> [Problem requirements]: Reproduce the whole listing word for word. Leave every image out.

> [Data provided]:
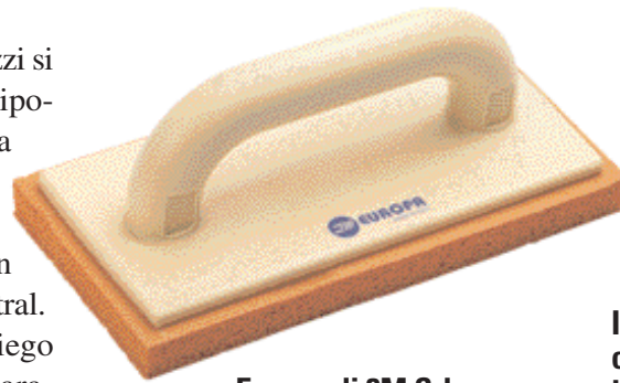
Europa di 3M Srl Lavorazione Gommaspugna.

I due modelli di frattazzi si differenziano per la tipologia di gommaspugna che montano e per la forma dell'impugnatura, più arrotondata in Europa rispetto a Mistral . Le differenze di impiego dipendono da due parametri: la durezza della
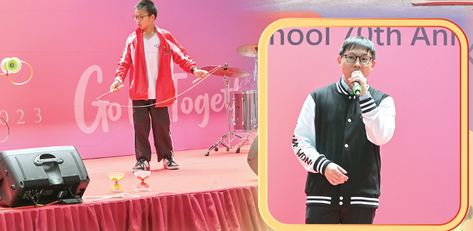
23 Go Together!

> [Written response]:
Europa di 3M Srl Lavorazione Gommaspugna.

I due modelli di frattazzi si differenziano per la tipologia di gommaspugna che montano e per la forma dell'impugnatura, più arrotondata in Europa rispetto a Mistral . Le differenze di impiego dipendono da due parametri: la durezza della
23 Go Together!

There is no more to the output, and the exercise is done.